The main goal of our technique is to accelerate the creation of machine learning models by reducing or eliminating the need to develop a set of attributes for a particular problem. Our approach was to create a large attribute set, with the idea that it would contain a diverse enough library of descriptive factors such that it is likely to contain several that are well-suited for a new problem. To justify this approach, we evaluated changes in the performance of attributes for different properties and types of materials using data from the OQMD. As described in greater detail in the next section, the OQMD contains the DFT-predicted formation energy, band gap energy and volume of hundreds of thousands of crystalline compounds. The diversity and scale of the data in the OQMD make it ideal for studying changes in attribute performance using a single, uniform data set.

We found that the attributes which model a material property best can vary significantly depending on the property and type of materials in the data set. To quantify the predictive ability of each attribute, we fit a quadratic polynomial using the attribute and measured the root mean squared error of the model. We found the attributes that best describe the formation energy of crystalline compounds are based on the electronegativity of the constituent elements (e.g., maximum and mode electronegativity). In contrast, the best-performing attributes for band gap energy are the fraction of electrons in the p shell and the mean row in the periodic table of the constituent elements. In addition, the attributes that best describe the formation energy vary depending on the type of compounds. The formation energy of intermetallic compounds is best described by the variances in the melting temperature and number of d electrons between constituent elements, whereas compounds that contain at least one nonmetal are best modelled by the mean ionic character (a quantity based on electronegativity difference between constituent elements). Taken together, the changes in which attributes are the most important between these examples further support the necessity of having a large variety of attributes available in a general-purpose attribute set.

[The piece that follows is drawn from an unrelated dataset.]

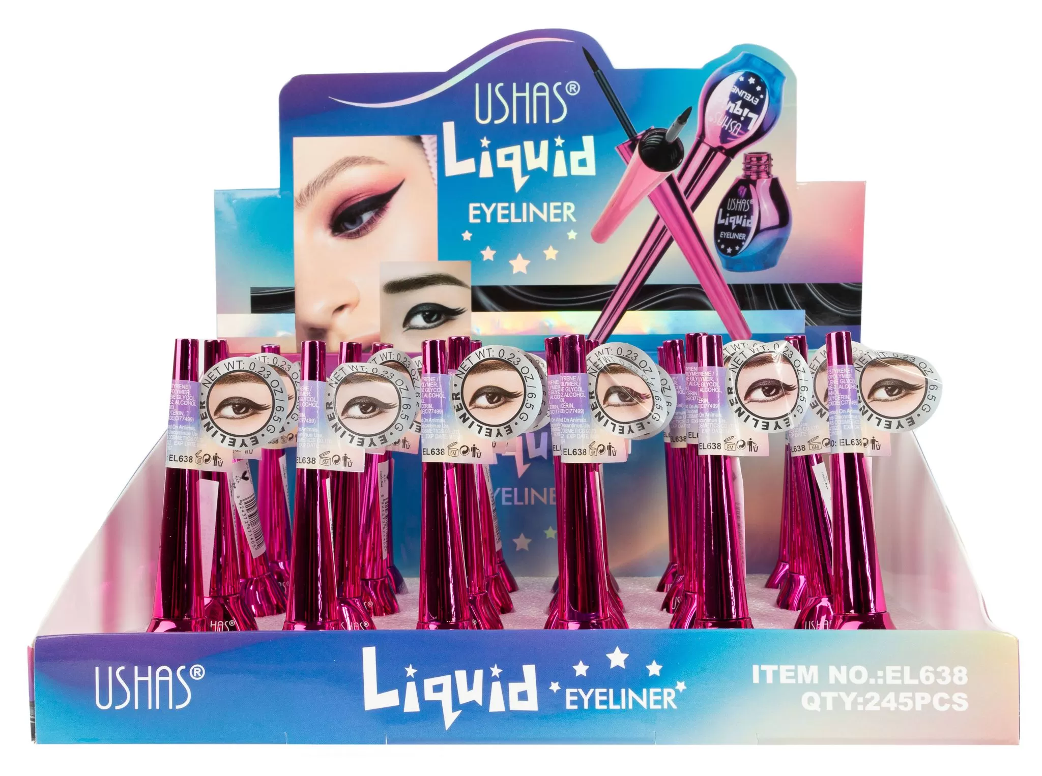 Delineador líquido punta fina negro – Ushas líquido de color negro, de pincel en su final grueso y punta fina, ideal para un mejor manejo del pincel al realizar tus delineados.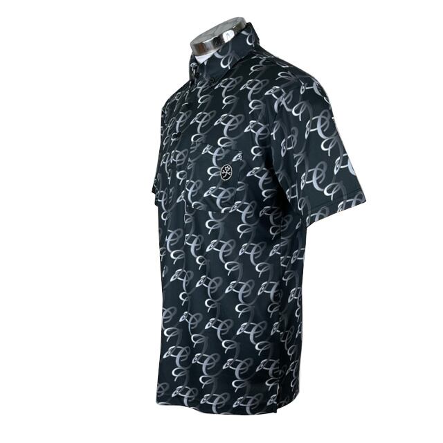 筆記体のイニシャルロゴ総柄の大人の雰囲気がある半袖ポロ。

It is worth noting that the 145 attributes described in this paper should not be considered the complete set for inorganic materials. The chemical informatics community has developed thousands of attributes for predicting the properties of molecules.35 What we present here is a step towards creating such a rich library of attributes for inorganic materials. While we do show in the examples considered in this work that this set of attributes is sufficient to create accurate models for two distinct properties, we expect that further research in materials informatics will add to the set presented here and be used to create models with even greater accuracy. Furthermore, many materials cannot be described simply by average composition. In these cases, we propose that the attribute set presented here can be extended with representations designed to capture additional features such as structure (e.g., Coulomb Matrix17 for atomic-scale structure) or processing history. We envision that it will be possible to construct a library of general-purpose representations designed to capture structure and other characteristics of a material, which would drastically simplify the development of new machine learning models.

### Example applications

In the following sections, we detail two distinct applications for our novel material property prediction technique to demonstrate its versatility: predicting three physically distinct properties of crystalline compounds and identifying potential metallic glass alloys. In both cases, we use the same general framework, i.e., the same attributes and partitioning-based approach. In each case, we only needed to identify the most accurate machine learning algorithm and find an appropriate partitioning strategy. Through these examples, we discuss all aspects of creating machine-learning-based models to design a new material: assembling a training set to train the models, selecting a suitable algorithm, evaluating model accuracy and employing the model to predict new materials.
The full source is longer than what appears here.